Published in final edited form as: Drug Dev Res. 2009 Jan 1;71(1):76–81. doi: 10.1002/ddr.20350

Antimalarial Preclinical Drug Development: A Single Oral Dose of A 5-Carbon-linked Trioxane Dimer Plus Mefloquine Cures Malaria-Infected Mice

Deuk Kyu Moon a, Vandana Singhal b, Nirbhay Kumar b, Theresa A Shapiro b,c, Gary H Posner a,b,*
PMCID: PMC2913489  NIHMSID: NIHMS222532  PMID: 20686674

Abstract

Three new 5-carbon-linked trioxane dimer carboxylate esters have been prepared from the natural trioxane, artemisinin in only 3-steps and 40–50% overall yields. Each one of these new chemical entities is at least as efficacious as the clinically used trioxane antimalarial drug artemether when combined with mefloquine hydrochloride in a low single oral dose cure.

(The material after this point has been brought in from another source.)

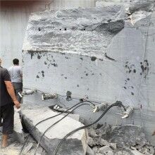 盤古斧液壓劈裂機工作原理為:利用風稿(液壓稿),鑿鉆的圓孔上,插入劈裂機的楔形塊組件,當啟動液壓泵站,液壓泵站工作產生高壓,驅動劈裂機楔形塊組的中間楔塊向前運動,將反向楔塊兩邊撐開,產生巨大分裂力(達600~900噸)!此分裂力由巖石內部向外,破壞巖石內部結構,(此力是拉應力,需知:供應貴陽巖石分裂機多少錢一臺巖石的拉應力遠遠小于抗壓應力,只有其抗壓應力的10%左右);巖石在此分裂力作用下,沿設定的位置根據人們的需要分裂開來。

Keywords: antimalarial chemotherapy, trioxane dimers, artemisinin combination therapy (ACT), single oral dose ACT cure

INTRODUCTION

Malaria parasites have developed widespread resistance to popular quinoline-based antimalarial drugs like chloroquine [Olliaro et al., 2000]. A new non-quinoline family of rapidly-acting antimalarial peroxides was discovered in China in the early 1970s and has become popular since then [Shizen, 2003; Klayman, 1985; O'Neill and Posner, 2004; Tang et al., 2004; Jefford, 2005; Haynes, 2006; Bégué and Bonnet-Delepon, 2007; Gelb, 2007]; natural trioxane artemisinin (1) and its semi-synthetic derivative trioxanes artemether (2b) and water-soluble sodium artesunate (2c) are now recommended by the World Health Organization (WHO) to be used in combination with a classical antimalarial amine drug for reliable chemotherapy of humans infected with malaria [WHO, 2006]. This artemisinin combination therapy (ACT) is now widely used in areas of the world where malaria is endemic [Ashley and White, 2005; Adjuik et al., 2004; Guttmann et al., 2006; Myint et al, 2007; Sirima et al., 2009; de Pilla Varotti et al., 2008]. Typically, current ACT requires a repeated dose regimen, usually involving a total of 3–6 doses over several days [Sagara et al., 2008]. Patient compliance with adhering to such a repeated dose regimen, however, is often a serious challenge [Souares et al., 2009]. Therefore, a single dose cure is highly desirable. Toward this challenging and medically urgent goal, a series of trioxane dimers have been reported [Jung et al., 2003; Chadwick et al., 2009], including some that are able to cure malaria-infected mice after only a single subcutaneous dose [Posner et al., 2007], a related series of trioxane dimers curative after three oral doses [Posner et al., 2007; Posner et al., 2008], and recently a trioxane dimer sulfone curative after only a single oral dose [Rosenthal et al., 2009]. We have described also a new monomeric trioxane fluoroanilide curative after only one single digit oral dose combined with mefloquine hydrochloride [Woodard et al., 2009].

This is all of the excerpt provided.